Any business, regardless of size, can experience cash flow shortages due to an imbalance between cash inflows and outflows. Those imbalances can be related to money that is expected to be received from outstanding invoices. If customers that owe a business money for goods and services take more time to pay or pay late, it can impact the ability to pay employees, utilities, rent, and other internal expenses. While some business owners and managers will choose to either take out a loan or dip into savings/surpluses, there are other short-term financing options. The discovery of various invoicing insights helps business owners find ways to make up for short-term cash flow problems.
Invoice factoring is an example of short-term financing. With invoice factoring, lenders purchase outstanding invoices from businesses. The financing companies charge a modest fee to purchase those invoices, but the businesses receive a majority of the invoices’ values upfront. Financing companies collect the amount owed from the companies that need to pay the invoices. The remainder of the invoice’s value is paid by the financing company to the business once the financing company collects payment. For example, company B owes company A $10,000 on a 30-day invoice. Company A sells the $10,000 invoice to a lender. The lender collects a three percent financing fee, which in this case would come to $300. The lender immediately sends $8,500 to company A and then contacts company B to collect the $10,000. Company B pays the lender the $10,000 originally owed to company A, and then the lender sends the remaining $1,200 to company A.
This form of financing has its advantages and its drawbacks. Invoice factoring is often an easier for businesses – especially small businesses – to obtain financing.
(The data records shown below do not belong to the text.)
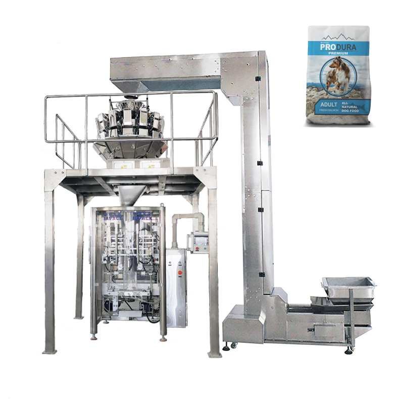 Ez a gyártósor egy készlet ZL14-1.6L többfejű mérőgépet tartalmaz. Egy készlet ZL520 függőleges zacskóképző töltőtömítést, egy Z típusú serleges felvonót és egy készlet platformot és létrát. Az egész gép képes automatikusan kimérni a kis szemcsés terméket és csomagolni tekercses fóliatasakba. Széles körben használható rizsbab cukor chips csomagolására és így tovább. Az egész gépet a Stainless Steel 304 gyártja, ez a gép zacskókészítéssel, vágással, kódnyomtatással van felszerelve. stb. Siemens PLC és érintőképernyő, Panasonic szervomotor, japán fotóérzékelő, koreai levegőszelep stb.
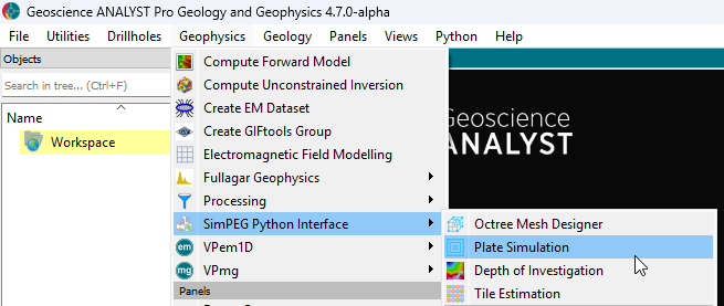 The user-interface is accessible from Geoscience ANALYST Pro Geophysics menu.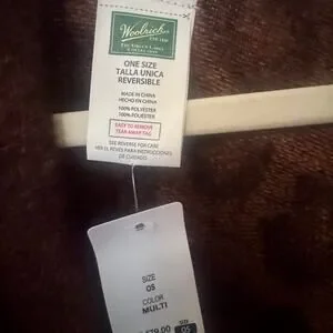 Elegant reversible poncho by Woolrich. Rich brown hue. Ideal for versatile styling.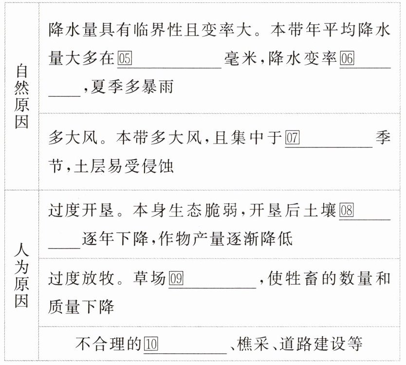 提示 水土流失。降水集中,夏季多暴雨;地形起伏大;土质疏松;植被覆盖率低等。
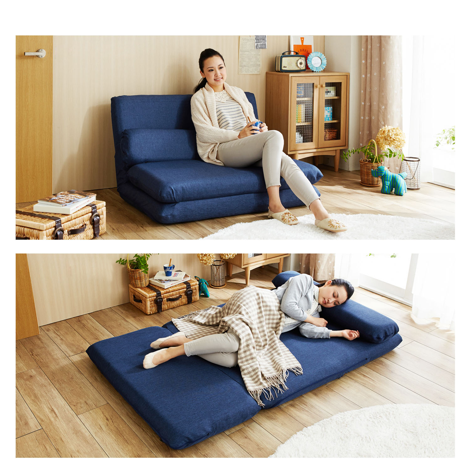 三つ折りマットレスに細長いクッションがくっついたようなユニークな形状折りたたみ方を変えることで、日常使いのソファーから脚をゆったり伸ばすカウチソファー、またベッドとしてなど何通りにも使えるリクライニングソファーベッドです背もたれ部は14段階に細かく調節OK細長いクッション部分はファスナーで簡単に付け外しでき、枕や腰クッション、オットマンなど様々な使い方に対応しますまたカバーリング仕様の張地はクリーニングでき、いつでも清潔に使えるのもうれしいポイントカラーは3色をご用意しました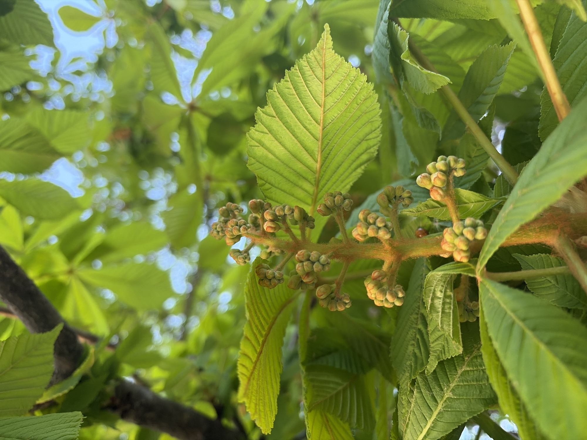 close-up of a tree, specifically a horse chestnut tree. The view is from below, looking up into the foliage. A prominent, light-green compound leaf with serrated edges is centrally positioned. A cluster of small, round, unopened flower buds, likely of the horse chestnut tree, is visible on a reddish-brown branch extending from the right. Other leaves and branches are visible in the background, with glimpses of the sky through the leaves. Given the characteristics of the tree, this photo could potentially be taken anywhere in Sofia, Bulgaria, as horse chestnut trees are common in parks and urban areas.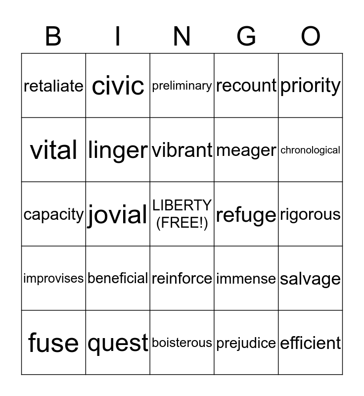 This bingo card has a free space and 45 words: accumulate, efficient, elaborate, fuse, futile, prejudice, preliminary, primitive, priority, quest, recount, refuge, reinforce, beneficial, blunder, boisterous, campaign, capacity, capital, chronological, civic, hoax, hostile, retaliate, retrieve, rigorous, rural, ignite, immense, improvises, inept, salvage, sanctuary, siege, significant, jovial, knack, monotonous, tangible, vibrant, vital, meager, terrain, linger and diligent.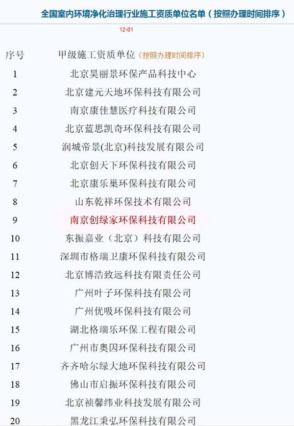 恭喜南京創(chuàng)綠家環(huán)??萍加邢薰精@得全國室內(nèi)環(huán)境凈化治理行業(yè)甲級(jí)施工資質(zhì)證書?。。∧壳叭珖覂?nèi)環(huán)境凈化治理行業(yè)具有甲級(jí)施工資質(zhì)的企業(yè)僅有20家,創(chuàng)綠家是第九位獲得全國甲級(jí)施工資質(zhì)的公司! 此外,創(chuàng)綠家環(huán)??萍加邢薰具€是中國室內(nèi)裝飾協(xié)會(huì)室內(nèi)環(huán)境凈化治理委員會(huì)會(huì)員單位、中國建筑室內(nèi)生態(tài)環(huán)境綜合研究課題承擔(dān)企業(yè)、全國室內(nèi)車內(nèi)環(huán)境凈化治理先進(jìn)單位!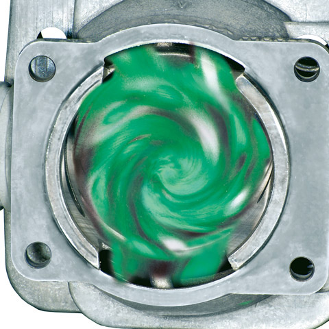 В четырех перепускных каналах рабочая смесь перед воспламенением завихряется. В результате оптимально сжигается топливо и заметно повышается КПД двигателя. Как следствие, падает расход топлива и увеличивается крутящий момент в широком диапазоне оборотов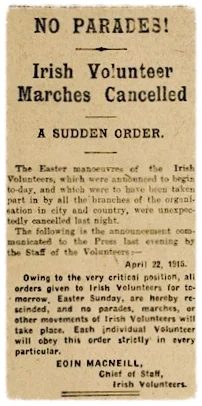 Eoin MacNeill's countermanding order which appeared in the Easter Sunday newspapers in 1916.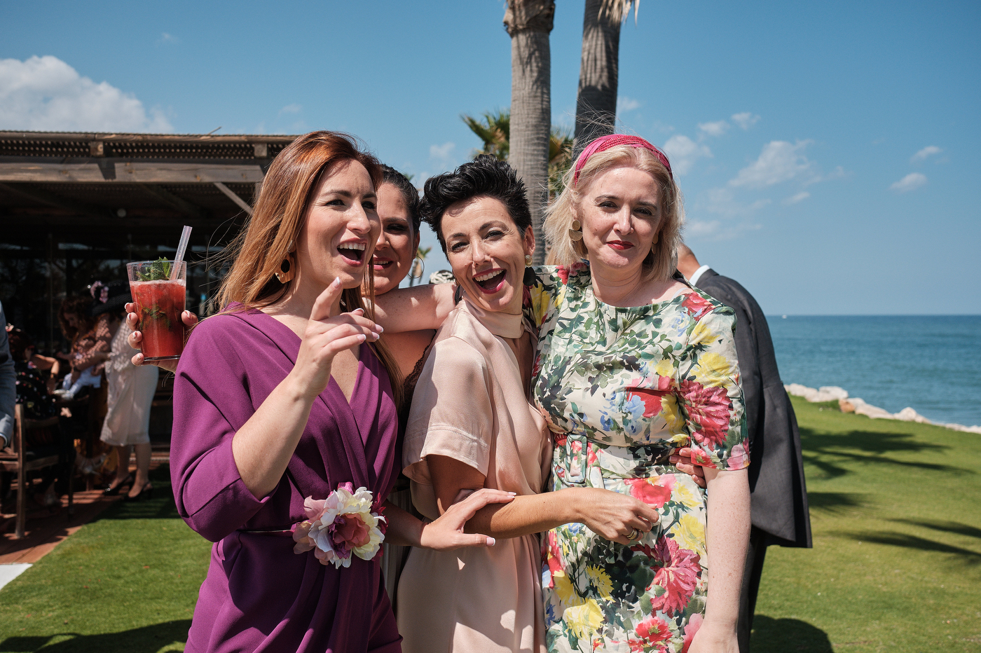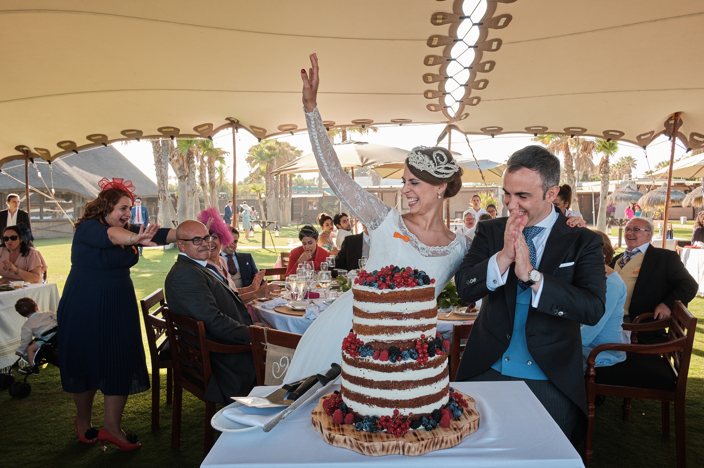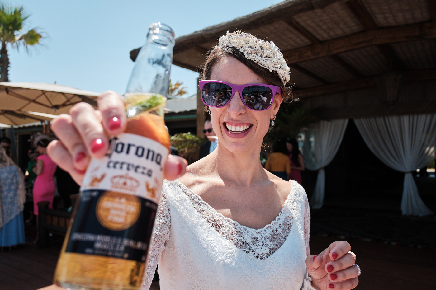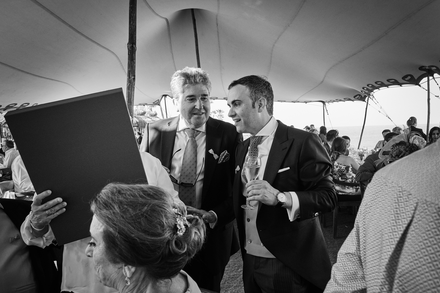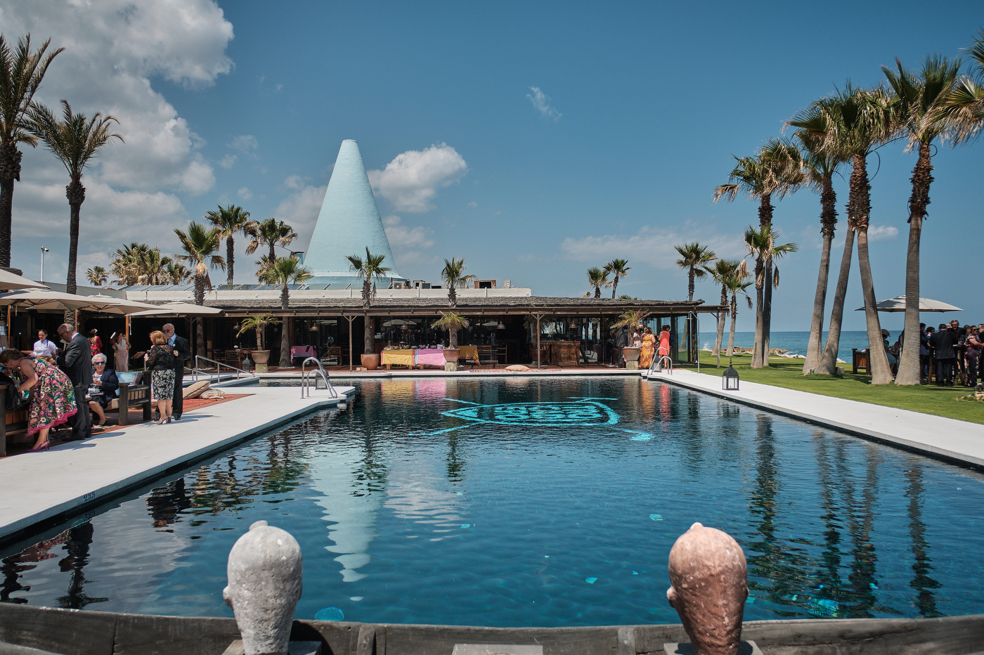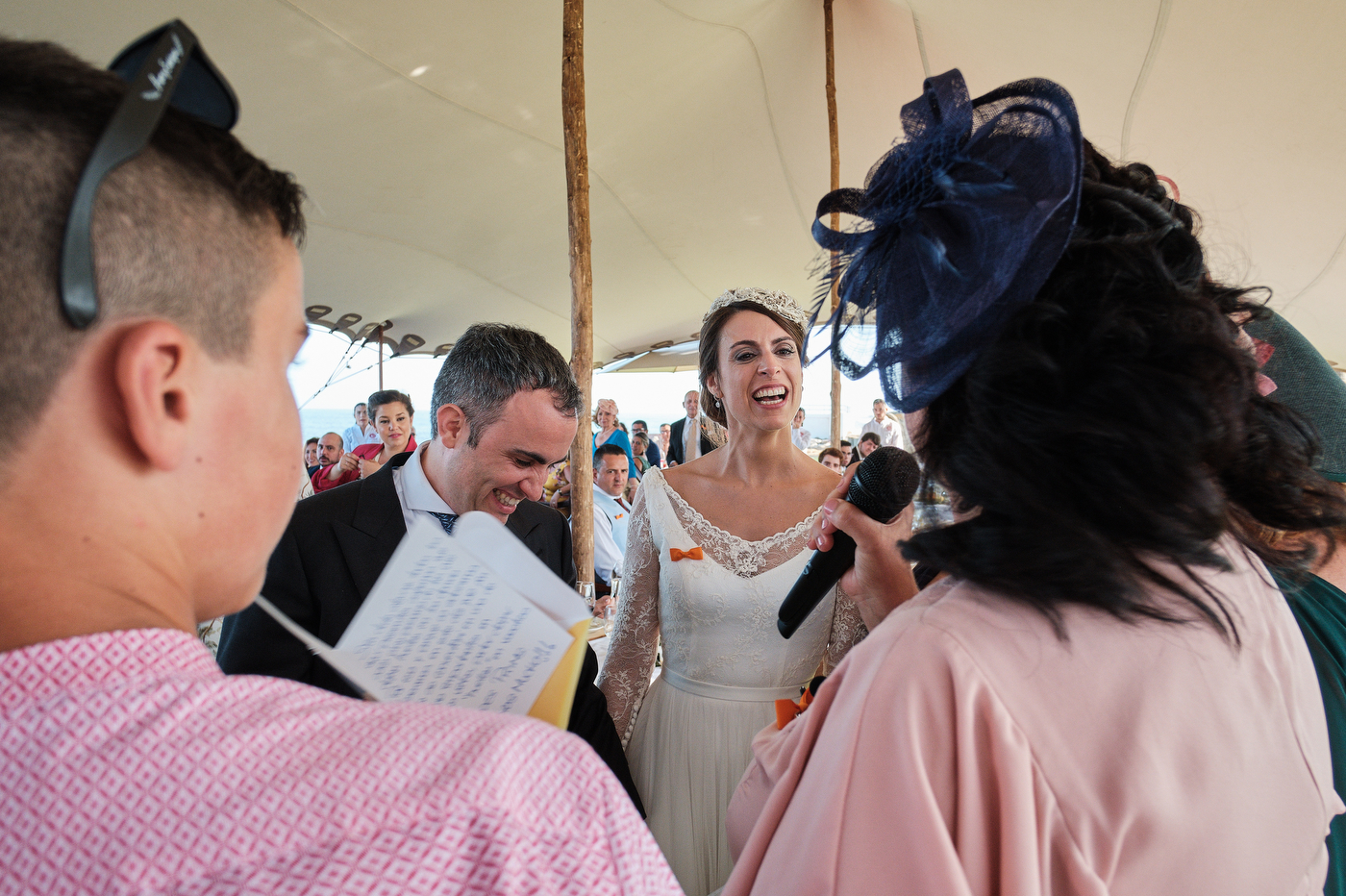 Una carpa enorme y bien instalada a tan solo unos pocos metros de la orilla del mar dio sombra a los numerosos invitados durante la comida. Al finalizar ésta todas se dirigieron a otro recinto y dio comienzo la fiesta que duró hasta altas horas de la madrugada.

Business owners can get the cash when they need it, instead of waiting for the money to roll in from slower-paying customers. The downside is that the lenders take the credit history of the customers into account when purchasing the invoices. If those customers are known for not paying their bills on time, lenders may be reluctant to purchase those invoices. Financing is also more expensive, regardless of its form, than waiting for cash. The reality is that the majority of businesses need to rely on some form of financing in order to meet short and long-term expense obligations. As long as financing is used responsibly, the advantages can outweigh the cons.